The United States besides increases the prize for Maduro's arrest to $25 million.

‘Aggressors’

– The utmost right in Venezuela never respected the democratic path. Since the 2002 coup against Chávez, they have tried repeatedly to take over power by force, and now, in January, they had plans to prevent Maduro's inauguration – he will tell me a fewer days later Jorge Arreaza, erstwhile Minister of Higher Education in the Chávez government and erstwhile Minister of abroad Affairs in the Maduro government.

– The only way for the Venezuelan government was to do anything to avoid a coup. Therefore, Venezuelan authorities arrested 130 foreigners and conspiracy Venezuelans – he explains in an online interview. – Venezuela has been subjected to aggression and not only economic, with more than a 1000 sanctions, not only diplomatic, political and media, but besides conventional. The price for president Maduro's head has just been raised and mercenaries have come to Venezuela to kill him and the people around him, who besides have warrants for arrest in the US and designated “behind by head” awards.

The accusations of the United States against Maduro are absurd: fresh York Court claims that it “wants to flood the United States with Colombian drugs.” It's like Maduro controls the Colombian drug market.

“I have blown the sea”

I am besides talking to sociologist Antonio González Plessmann, who organizes a left-wing opposition against Maduro in Caracas.

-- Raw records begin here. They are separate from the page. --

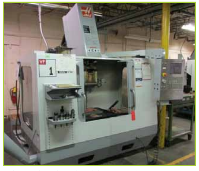
HAAS VF1D CNC DRILL/TAP MACHINING CENTER, 20-HP, VECTOR DUAL DRIVE, 1000IPM, 0-7500 SPINDLE SPEED, 14" X 26" TABLE, 20+1 TOOL CHANGER, FEEDRATES: 0 TO 650IPM, TRAVELS: X-20", Y-16", Z-20", CNC CONTROLS, BT30 TAPER, AUGER CHIP CONVEYOR, YEAR: 2006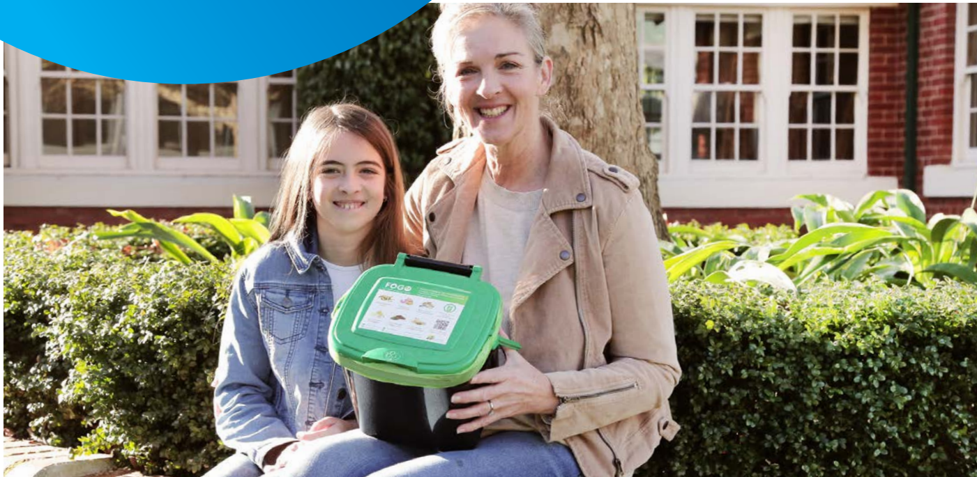
Our FOGO champions are excited that the FOGO service has officially launched.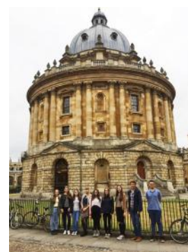
The Radcliffe Camera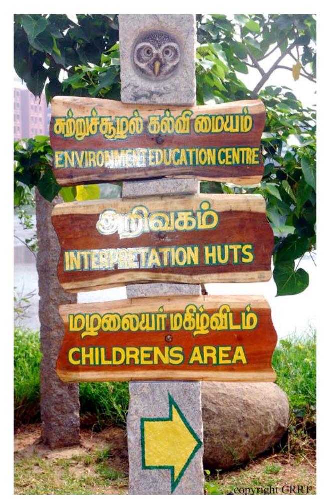
Image 7. A carved and painted Spotted Owlet Athene brama peering out of a cavity tops another rough hewn granite pillar to which planks with directional signage have been affixed. Tholkappia Poonga, Chennai.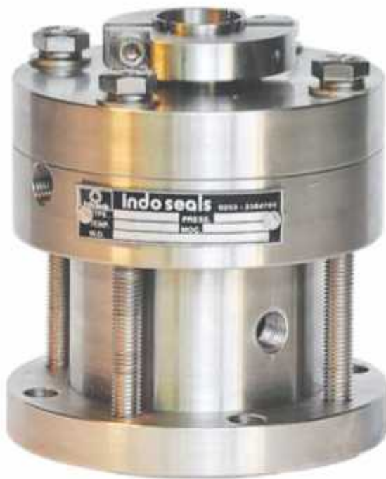
ISPL 24558 Double Agitator Seal with bearing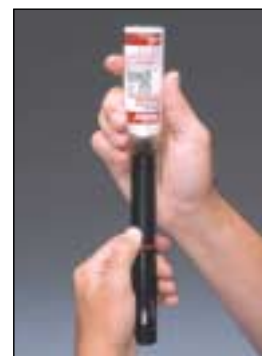
Refuels in just 20 seconds with standard butane lighter fuel.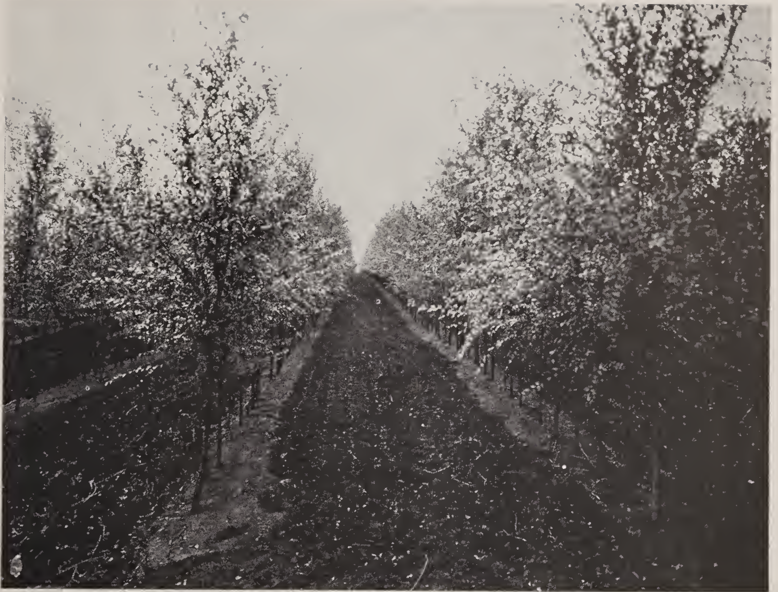
Chinese Elm—A Specialty With Us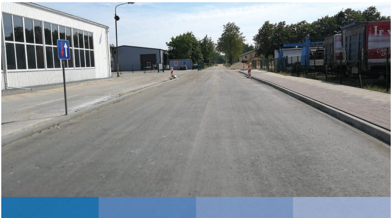
Latvia: RCC street in an industrial area

Also, a significant number of projects have been executed in the last few years, with thousands m 2 RCC built for secondary roads, industrial heavy traffic accesses and roads, service stations, large parking or storage areas, local and rural roads. Although it is a kind of rebirth of this application, it must be said that there are a lot of examples of the great durability of this paving solution, such as rural roads executed in the north of Spain in the 80-90s, currently in perfect working order after nearly 30 years operation.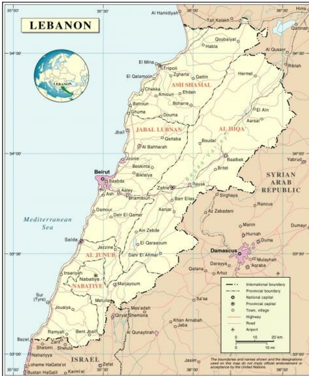
Map of Lebanon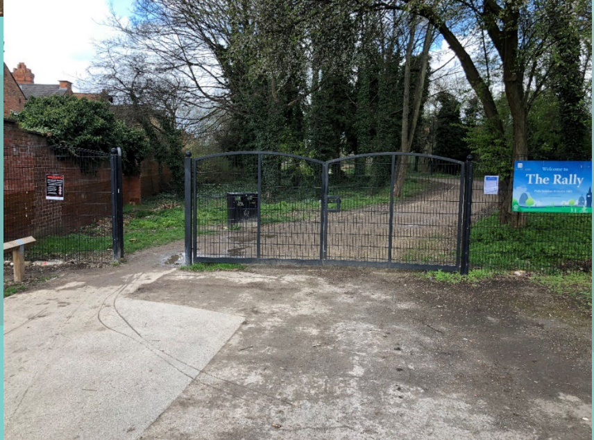
Right: Poor accessibility and visibility at Tudor Road entrance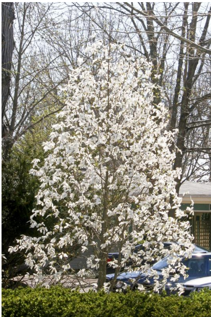
Magnolia 'Wada's Memory'

Another of my personal favourites is M. sieboldii or Oyama Magnolia. This flowers in May and June and repeats throughout the summer. It has lovely egg-shaped buds that open to nodding fragrant white flowers with red stamens. The oval red fruit continues the show into autumn against the golden fall-coloured leaves. Set on the front lawn of the Gardens, this magnolia does well in the shade of our large trees.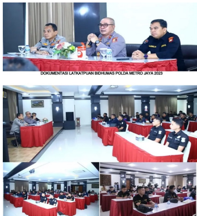
Figure 12. Public Communication Improvement Training in the Field of Public Relations Writing in Digital Media for Public Relations Personnel of Polda Metro Jaya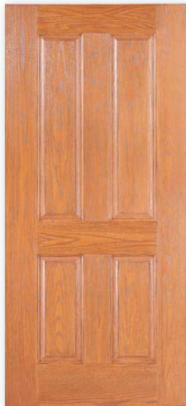
OAK TEX 4 PNL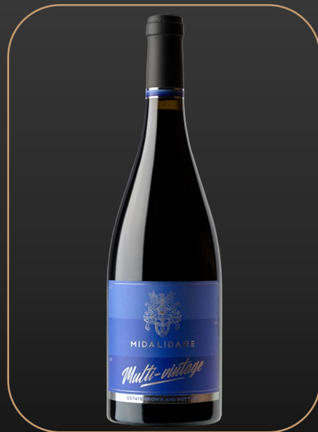
Midalidare Multi- vintage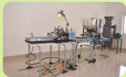
Automatic Seed Liner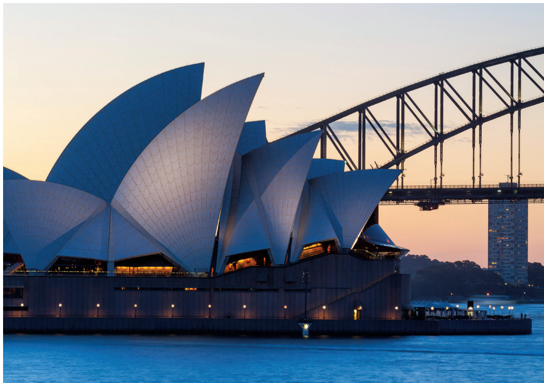
Sydney's signature Opera House and Harbour Bridge

Day 9: Cairns/Great Barrier Reef This morning we board a boat for a day-long excursion to the Great Barrier Reef, at 1,200 miles long the world's largest living organism and richest marine resource. We pull up at Michaelmas Cay where we can swim, snorkel, or view the reef from a semi-submersible vessel. B,L

“On 10 January 2025, a class dictatorship was born in Venezuela,” says González Plessmann.

In fresh elections, Maduro " ignored the will of the people and now needs repression to carry out his neoliberal program," he explains.

– What is Chávez's legacy in present-day Venezuela? – I ask.

– Chávez left behind a program of immense transformations. This allowed average people to emergence up and fight for their rights. He helped millions improve their existence, gain education, open up a debate on how to go beyond capitalism through democratic means.

– What is left of the Chávez project?

– Maduro's government? The minimum wage is $3. Social inequality present is greater than before Chávez came to power in 1999. Maduro's regulation turned chávism into a statue, a poster, an empty slogan. Paradoxically, the ruling usage it to legitimize the antichávez project. But Chávez lives in our struggles, in social movements, in organizations and collectives that inactive fight for socialist democracy.

I'm going to Santa Marta.

On the wall of the hacienda where Bolivar died, I read a quote from his last call: “I have plowed the sea.”